Sir Alexander Fleming
What is minimum inhibitory concentration (MIC)?
Minimum concentration of antibiotics required to inhibit the growth of test organism
What is minimum bactericidal concentration (MBC)?
Minimum concentration of antibiotic required to kill the test organism
What is the difference between treatment and prophylaxis?
Prophylaxis is when antimicrobials are used (usually in life threatening infections) to prevent infection, while treatment are used to cure existing infections
Which one is NOT a beta lactam?
A) penicillin
B) monobactams
C) carbapenems
D) teicoplanin
D) teicoplanin
ToF: Penicillins are strong inhibitors of Gram negative organisms
F: act on bacterial cell walls especially in Gram positive organisms
ToF: Penicillins are toxic to animal cells
F: not toxic, only work on organisms with a cell wall
Beta lactams are produced by:
A) fungi
B) ascomycetes
C) actinomycetes
D) all of the above
D) all of the above
What is the mode of action of penicillins?

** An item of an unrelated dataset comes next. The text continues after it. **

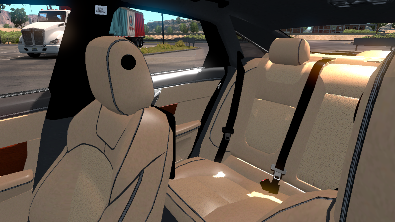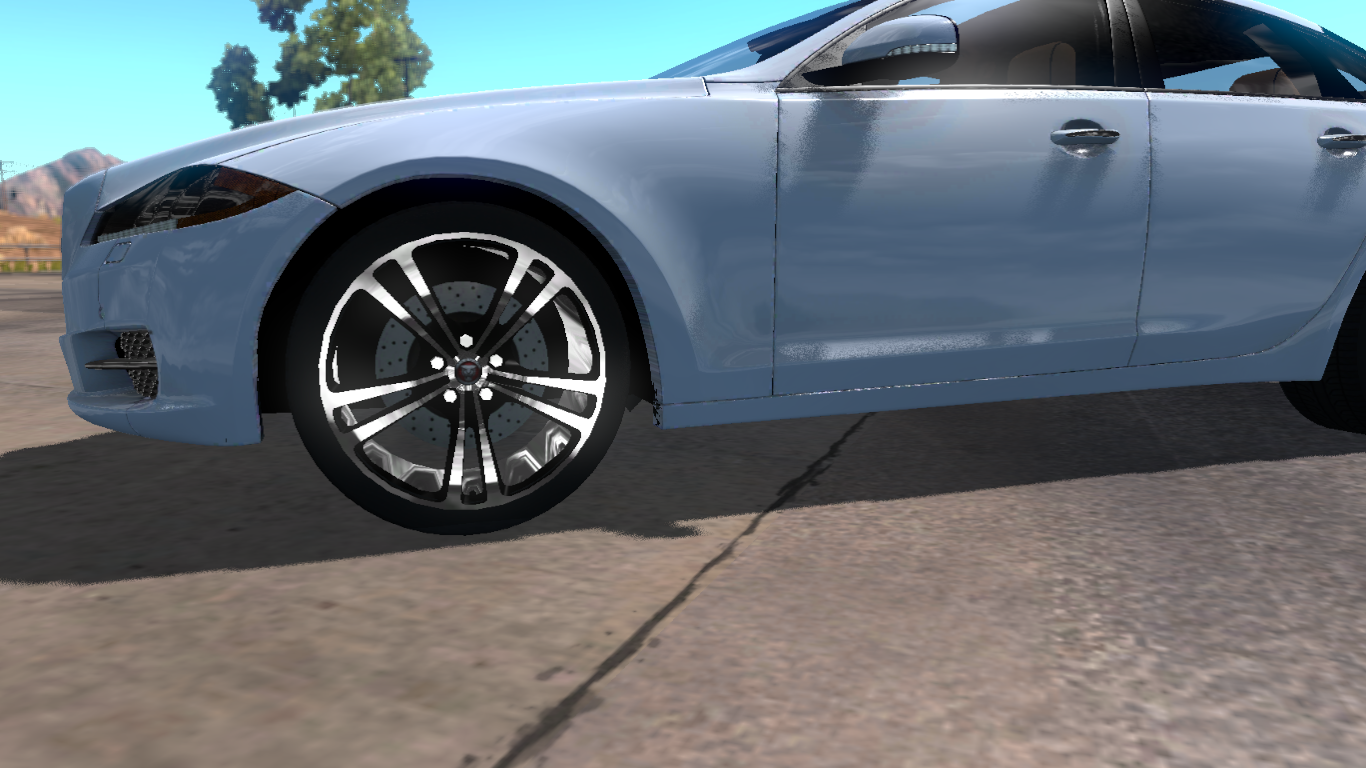 Переделанная версия старого мода Jaguar XJ 2014 из ETS2. Автомобиль теперь соответствует своим реальным характеристикам, быстрый разгон до 100 км/ ч и максимальная скорость около 240 км/ч. Имитация автоматической коробки передач, никаких переключений, ставится режим D и можно ехать (в салоне никакой рукоятки переключения передач тоже нету). Задний привод. Нагрузка по осям реальная, поэтому тормозит она хорошо, управляется тоже. Старые плохие текстуры салона заменены на максимально качественные. Модель сделана добротно, поэтому машине присваиваются игровые номера, дворники рабочие и снаружи, и внутри. Игровая физика не затронута, специально сделано чтобы использовать машину вместе с грузовиками. Директория мода максимально очищена от упоминании о том, что это была шкода суперб, приписана даже своя камера обзора в салоне автомобиля. Есть небольшой косяк, из-за того что в игре поверхности отображаются только с одной стороны, в водительской двери через отверстие для стекла просвечивается дорога.

beta lactam ring binds to penicillin binding protein (PBP) and PBP is unable to cross link peptidoglycan chains. Consequently, bacteria is unable to synthesize a stable cell wall, bacteria is lysed
Which of these would be effective against Staphylococcus?
A) Penicillin G
B) Synthetic penicillins
C) Cloxacillin
D) Piperacillin
C) Cloxacillin
Which of the following would be effective against Pseudomonas?
A) Piperacillin
B) Penicillin V
C) Methicillin
D) Cloxacillin
A) Piperacillin
ToF: Pencillin G/V is effective against gram negative bacteria.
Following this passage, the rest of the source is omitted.